Dropbox Core API with blocks

I've been adding support for Dropbox to FTP On The Go!  Because it needs full access so you can upload any file from your Dropbox, or download a file to any folder, it has to use the low level "Core"API.

The code from Dropbox is good, but uses delegates for everything.  I didn't want to have lots of checks for "file download complete" to see what to do with it next--edit/view, email it, upload it to an FTP server, or any of the other things.  With several operations potentially happening at the same time, that could get confusing :)

So I made a little wrapper for the DBRestClient to do Blocks.  The code for getting the metadata, like a folder's contents or details about a file, is below.  There are similar functions for all the other things, uploading or downloading files, etc.  I'll post all that once the new version of FTP is out.  (But as you can see it's a dozen or so lines of code for each one you'd want to do so pretty easy to add yourself.)


The .h
@interface DBRestClientBlock : DBRestClient 

@property (nonatomic, copy)  void (^loadedMetadata)(DBMetadata *metadata, NSError *error);

+ (DBRestClientBlock*)dbClient;

@end


The .m
@implementation DBRestClientBlock //DBRestClientDelegate

+ (DBRestClientBlock*)dbClient {
    DBRestClientBlock    *dbBlock = [[[DBRestClientBlock alloc] initWithSession:[DBSession sharedSession]] autorelease];
    dbBlock.delegate = dbBlock;
    return dbBlock;
}

//Metadata Downloading...
- (void)restClient:(DBRestClient *)client loadedMetadata:(DBMetadata *)metadata {
    NSLog(@"loadedMetadata");
    if (self.loadedMetadata) {
        self.loadedMetadata(metadata, nil);
    }
}
- (void)restClient:(DBRestClient*)client loadMetadataFailedWithError:(NSError*)error {
    NSLog(@"loadMetadataFailedWithError");
    if (self.loadedMetadata) {
        self.loadedMetadata(nil, error);
    }
}
@end


Then you get to do nice bits like:

DBRestClientBlock   *dbClient = [[DBRestClientBlock dbClient] retain];
dbClient.loadedMetadata = ^(DBMetadata *metadata, NSError *error) {
        if (metadata) {   
     //Do something with the results
        }
        if (error) {
            NSLog(@"loadedMetadataError: %@", error);
        }
        [dbClient release];
};
 
[dbClient loadMetadata:pathToLoad];


(I've also got a manager class, that caches these DBRestClientBlock objects too.)

Wednesday, November 6, 2013

iPad Pro...

If you make an iPad Pro, with a bigger screen, what does that really mean to the pixels?

You can either keep the same 2048x1536 size of the current iPads and make bigger pixels or do a new screen resolution.

Keeping the same 2048x1536 pixels lets you make anything you'd want and every app works as-is.

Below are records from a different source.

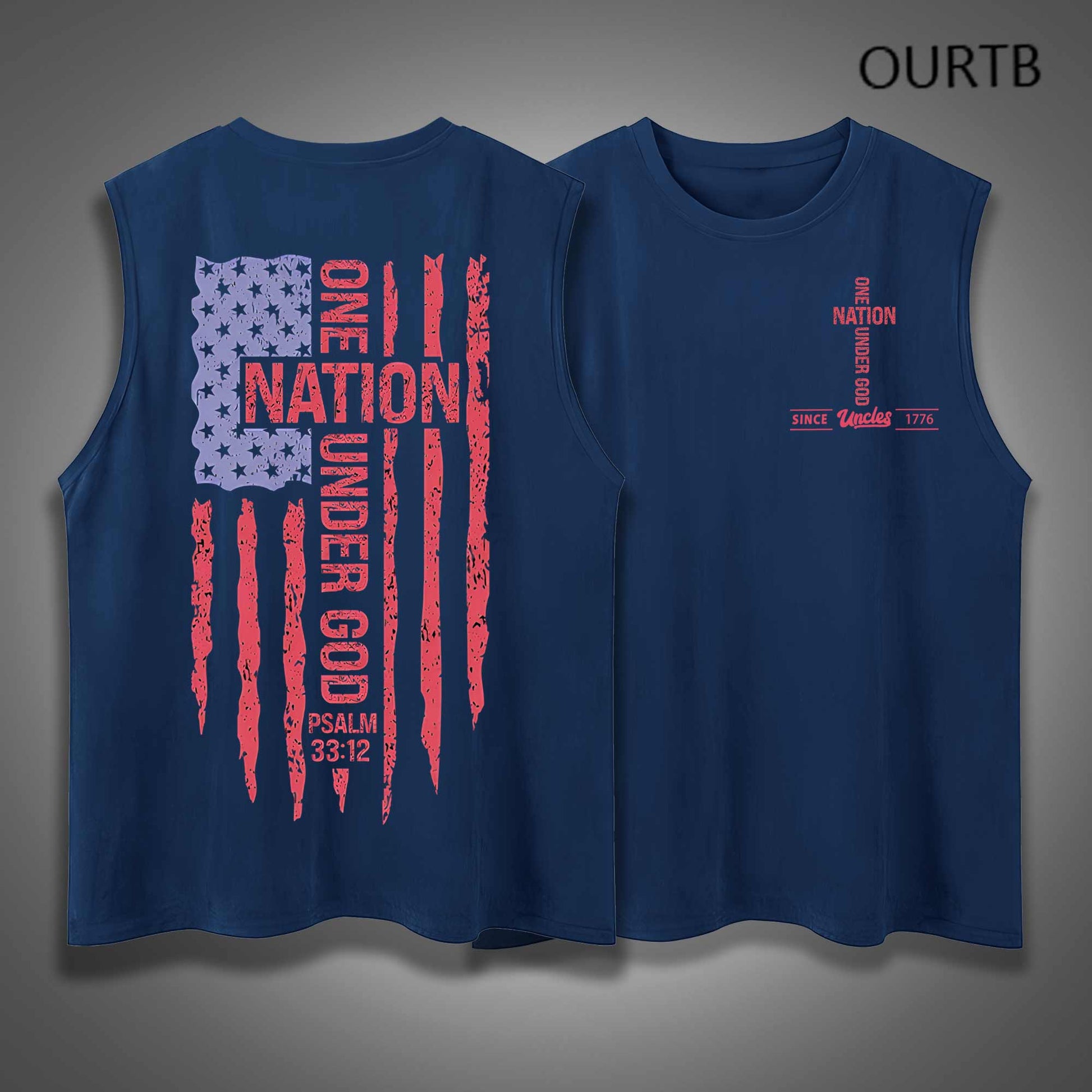 Uncle Since 1776 One Nation Under God USA Independence Day Funny Adult Discomfort Art Print Cotton Sleeveless Tank Tops
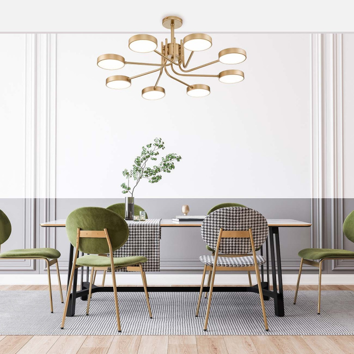 Эта модель светодиодной люстры для дома прекрасно сочетается с интерьерами, оформленными в стиле модерн. Благодаря своему универсальному дизайну, она также замечательно дополнит и в других стилях, придавая вашей комнате изюминку.
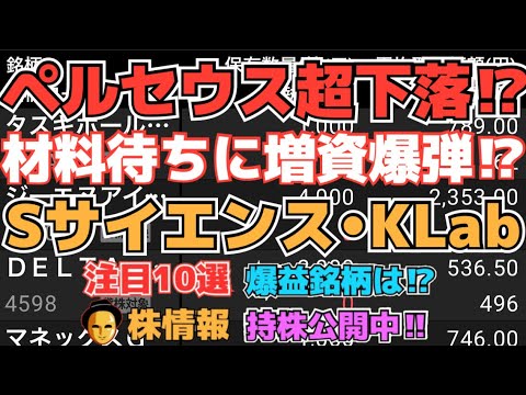 【株投資】『ペルセウス』増資発表超下落⁉,『エス・サイエンス』プラマイ0で調整中⁉… - 株価アルゴリズム
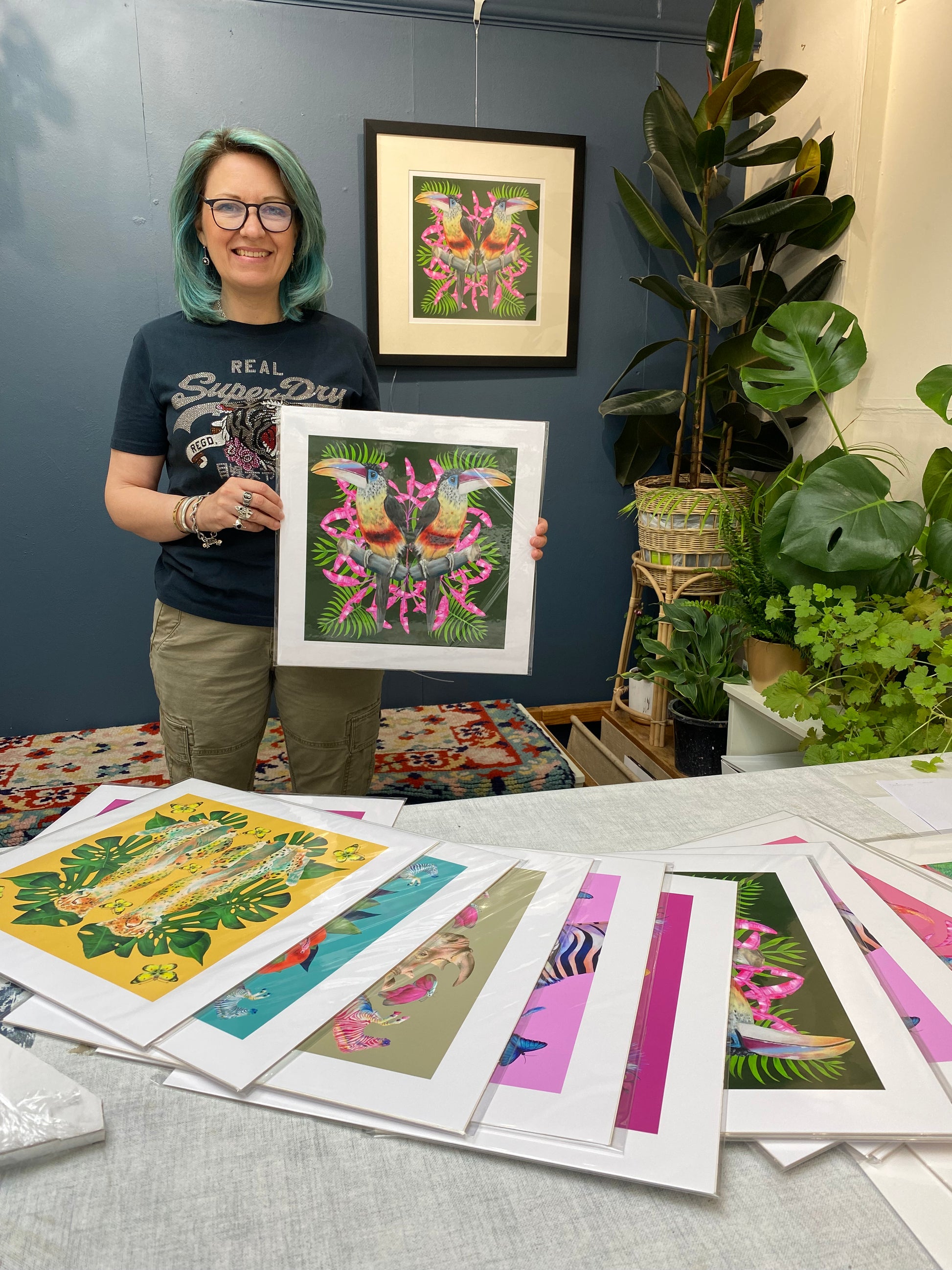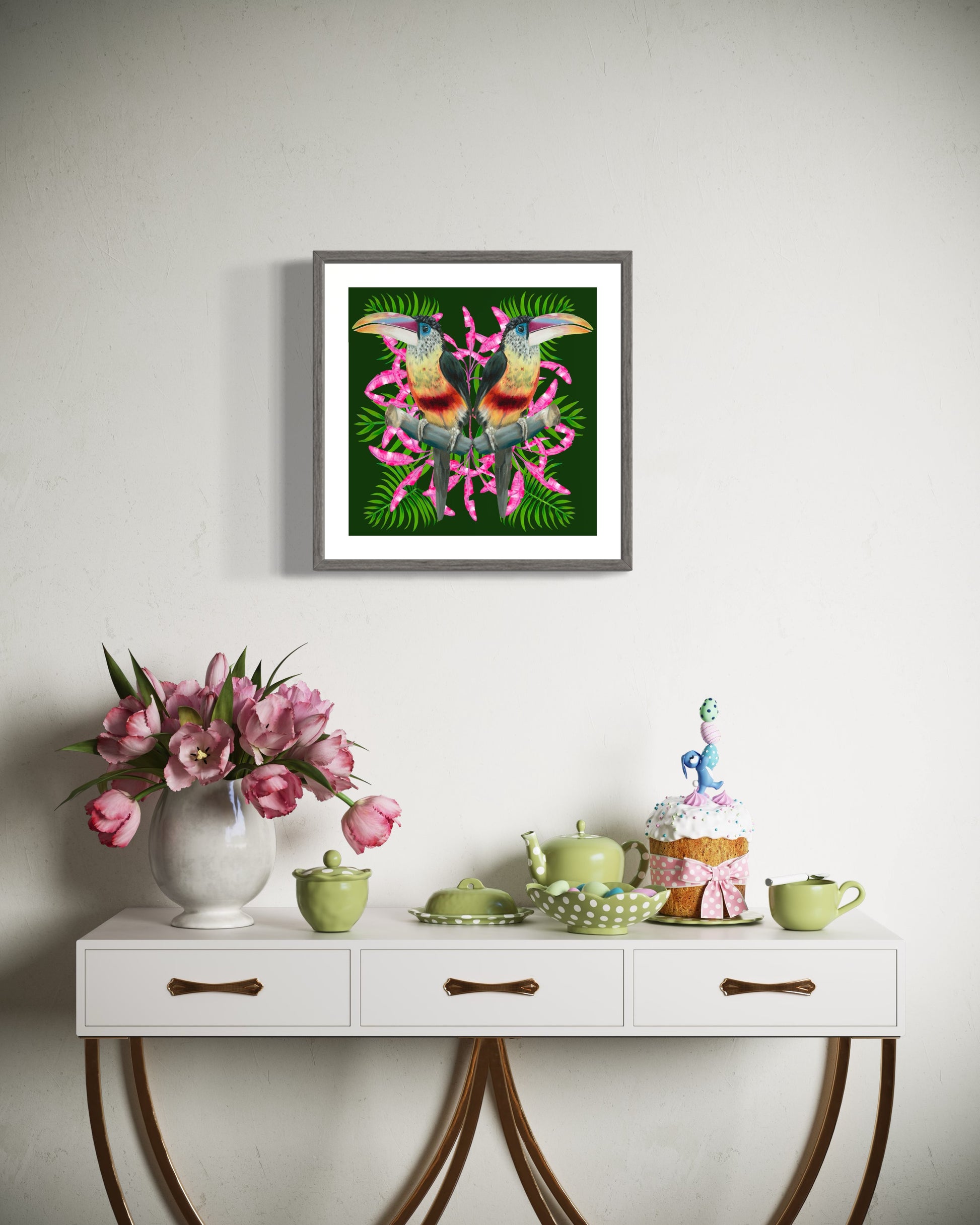 Taken from my original oil paintings and digitally collaged into a beautiful design, this vibrant curl crested Acari toucan, with tropical foliage celebrates the natural world. Adding a touch of colorful charm and maxilmalist elegance to any room with a richly layered aesthetic. The bold deep green background perfectly compliments the bright pink of the banana leaves and the rich yellow of the toucan.

Just like the non-transition from iPad to iPad mini where everything just worked, the pixels would simply be bigger rather than smaller.  But bigger pixels will start to get below Apple's magic Retina numbers.


Instead you could also increase the resolution. The next nice "computer" numbers up that keep the same aspect ratio would be 2560x1920.

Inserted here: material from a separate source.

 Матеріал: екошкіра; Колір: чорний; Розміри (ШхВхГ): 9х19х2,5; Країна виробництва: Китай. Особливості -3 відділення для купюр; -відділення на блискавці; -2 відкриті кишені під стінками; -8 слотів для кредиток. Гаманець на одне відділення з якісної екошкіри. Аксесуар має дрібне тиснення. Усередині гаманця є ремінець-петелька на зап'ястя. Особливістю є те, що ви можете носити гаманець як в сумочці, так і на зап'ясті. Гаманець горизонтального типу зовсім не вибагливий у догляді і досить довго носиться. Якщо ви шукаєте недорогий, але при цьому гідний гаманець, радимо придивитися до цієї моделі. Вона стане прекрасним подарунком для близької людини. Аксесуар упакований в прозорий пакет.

You could again make those pixels any size you want.  If you use exactly the same size pixels as the iPad Air, you go from a screen rectangle of 7.76" high by 5.82"wide up to about 9.7" by 7.28" which gets you a diagonal of around 12.13".  That seems a little big, but again you could make new LCD panels whatever size you want.  But it's in the ballpark for the screen size from various rumor websites.

Existing apps would run as-is, with a black border, much like iPhone-only apps on an iPad, or "short" apps on an iPhone 5 with the taller screen.  Apps that were boxed in wouldn't look as good, but they would work fine.  The pixels (so buttons and such) are the about/exactly same size as the iPad Air, so it would all be usable as apps get updated.


Where it gets even more interesting is if you make an iPad with the pixel size of the iPad mini, but make it that new 2560x1920 pixel count. By my math, you'd end up with a screen that is 7.85" x 5.89" which is within fractions of an inch of the size of the current iPad Air screen (7.76" x 5.82"). That seems like the iPad Air 2 next year.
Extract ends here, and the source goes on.